AstraZeneca, Daiichi Sankyo ADC Fails Phase III NSCLC Trial

AstraZeneca and Daiichi Sankyo have recently unveiled new data from their Phase III TROPION-Lung01 clinical trial. The study investigates the efficacy of the antibody-drug conjugate (ADC) datopotamab deruxtecan (Dato-DXd) in treating non-small cell lung cancer (NSCLC). Unfortunately, the treatment did not achieve a statistically significant improvement in overall survival (OS) when compared to docetaxel, a standard chemotherapy drug.

The companies disclosed that despite the OS results favoring Dato-DXd numerically, the difference wasn't statistically significant across the entire trial population. However, in a particular subgroup of patients with non-squamous non-small cell lung cancer (NSCLC), Dato-DXd demonstrated a clinically meaningful improvement in OS.

Susan Galbraith, AstraZeneca’s Executive Vice President of Oncology R&D, expressed that despite the trial not meeting its primary endpoint, the data suggests the potential for Dato-DXd to replace conventional chemotherapy in late-line NSCLC. She added that the findings support ongoing trials exploring Dato-DXd’s effectiveness in first-line lung cancer treatments.
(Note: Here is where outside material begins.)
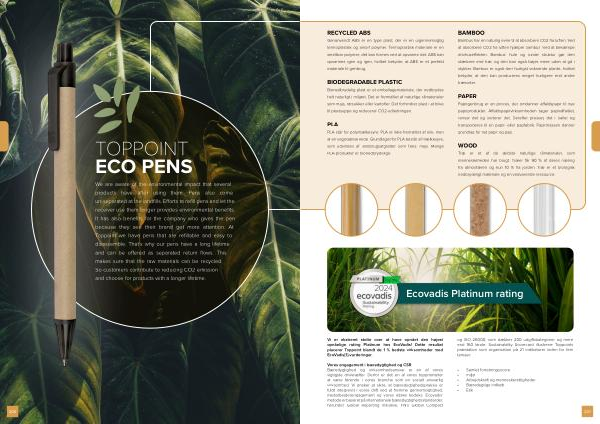 We are aware of the environmental impact that several products have after using them . Pens also come un-separated at the landfills . Efforts to refill pens and let the receiver use them longer provides environmental benefits . It has also benefits for the company who gives the pen because they see their brand get more attention . At Toppoint we have pens that are refillable and easy to disassemble . That ’ s why our pens have a long lifetime and can be offered as separated return flows . This makes sure that the raw materials can be recycled . So customers contribute to reducing CO2 emission and choose for products with a longer lifetime .

The TROPION-Lung01 study is a randomized, open-label trial including over 600 adults with advanced or metastatic NSCLC requiring systemic therapy after previous treatments. Dual primary endpoints for the trial are overall survival (OS) and progression-free survival (PFS). Key secondary outcomes include objective response rate (ORR), duration of response, and disease control rate.

During the European Society for Medical Oncology (ESMO) Congress in October 2023, AstraZeneca and Daiichi Sankyo presented progression-free survival (PFS) data from the TROPION-Lung01 trial. The data revealed that Dato-DXd reduced the risk of disease progression or death by 25% compared to docetaxel. Notably, the effect was more significant in the subset of patients with non-squamous NSCLC, where the risk reduction was 37%.
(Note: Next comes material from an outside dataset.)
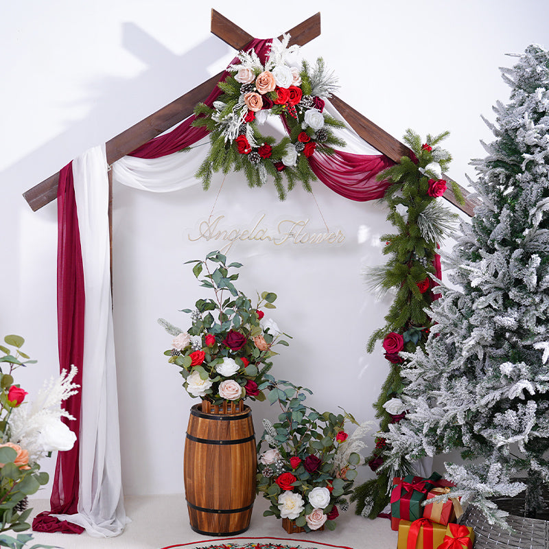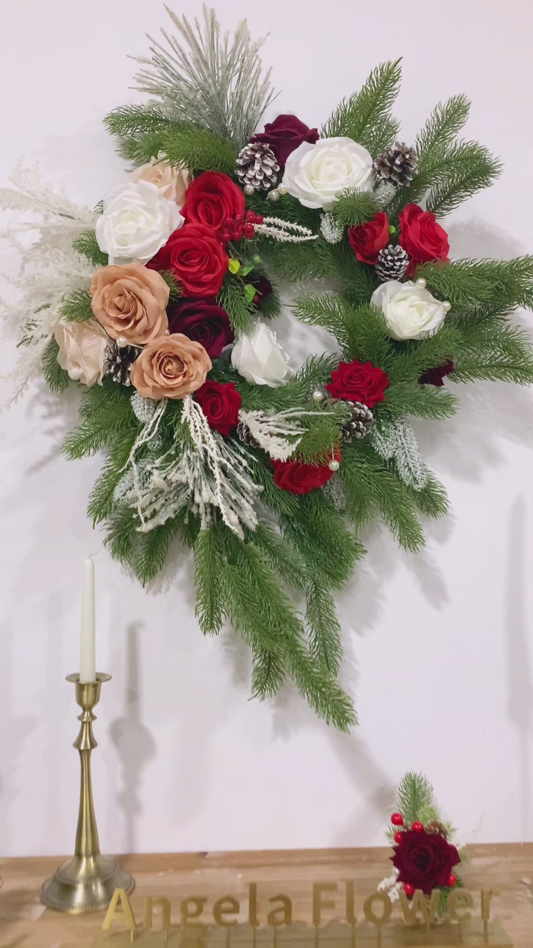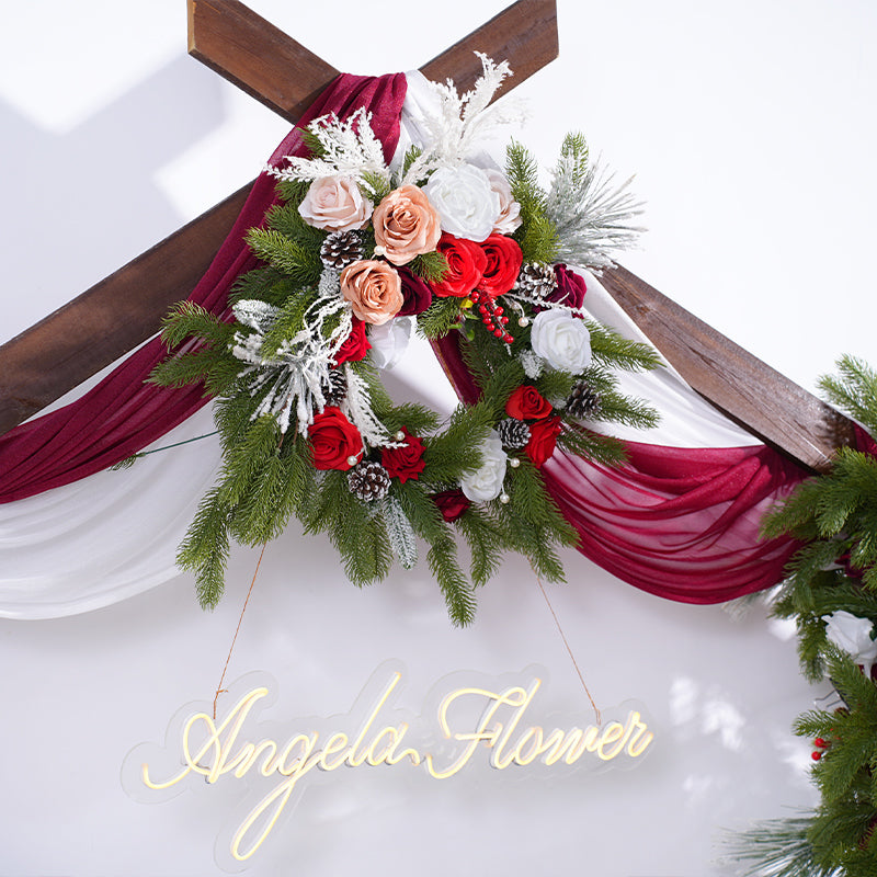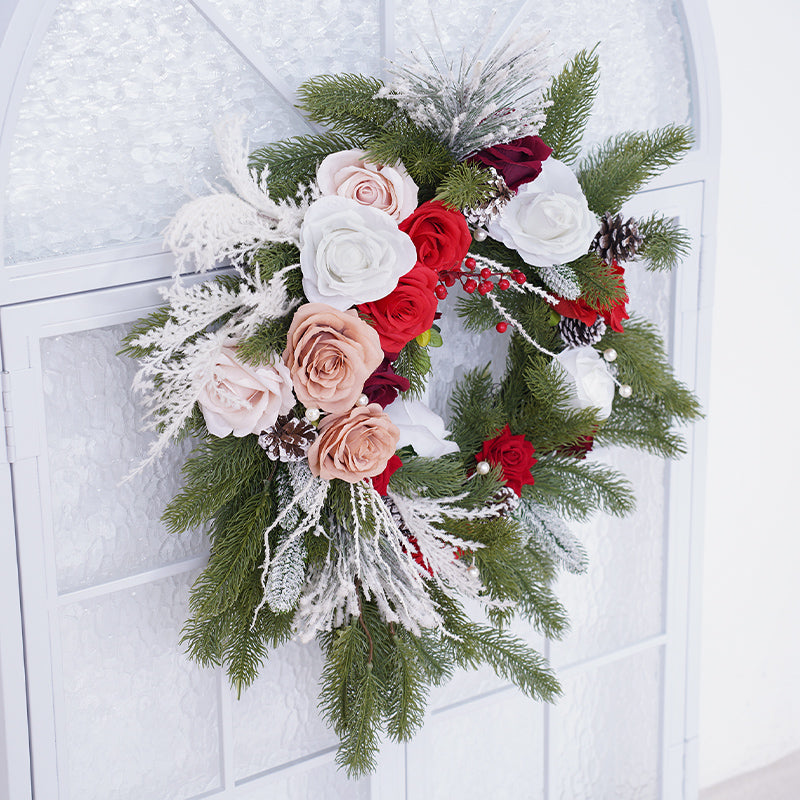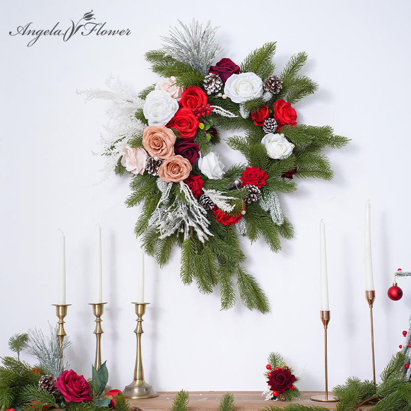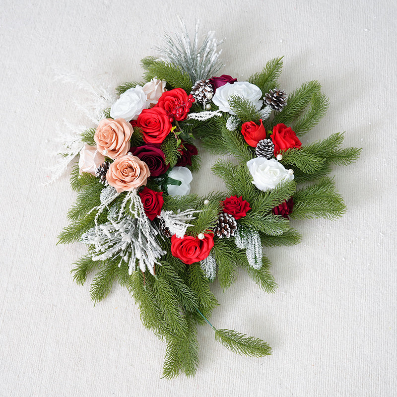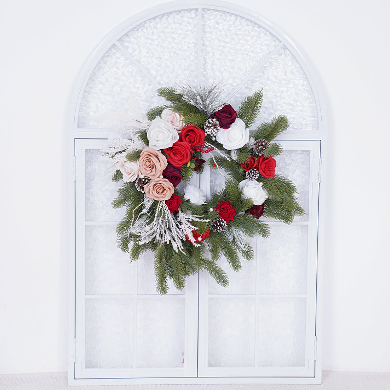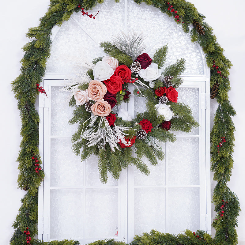 A866214 Christmas Series Red Rose Pine Needle Rattan Wreath

In addition to improved PFS, Dato-DXd also demonstrated superior objective response rate (ORR) and median duration of response compared to docetaxel.

Dato-DXd is currently under review by the U.S. Food and Drug Administration (FDA) for treating locally advanced or metastatic NSCLC. The Biologics License Application (BLA) was accepted by the FDA in February 2024, backed by data from the TROPION-Lung01 study. The target action date for the FDA’s decision is December 20, 2024.

Dato-DXd operates by targeting the TROP2 antigen, which is highly expressed in various cancers including breast, colorectal, gastric, and lung cancers. The ADC carries a topoisomerase I inhibitor payload, which promotes cancer cell death upon internalization and release within the cell. Additionally, Dato-DXd can initiate a bystander effect that destroys neighboring tumor cells.

Besides its application in lung cancer, Daiichi Sankyo and AstraZeneca are also exploring the potential of Dato-DXd in treating several types of breast cancer.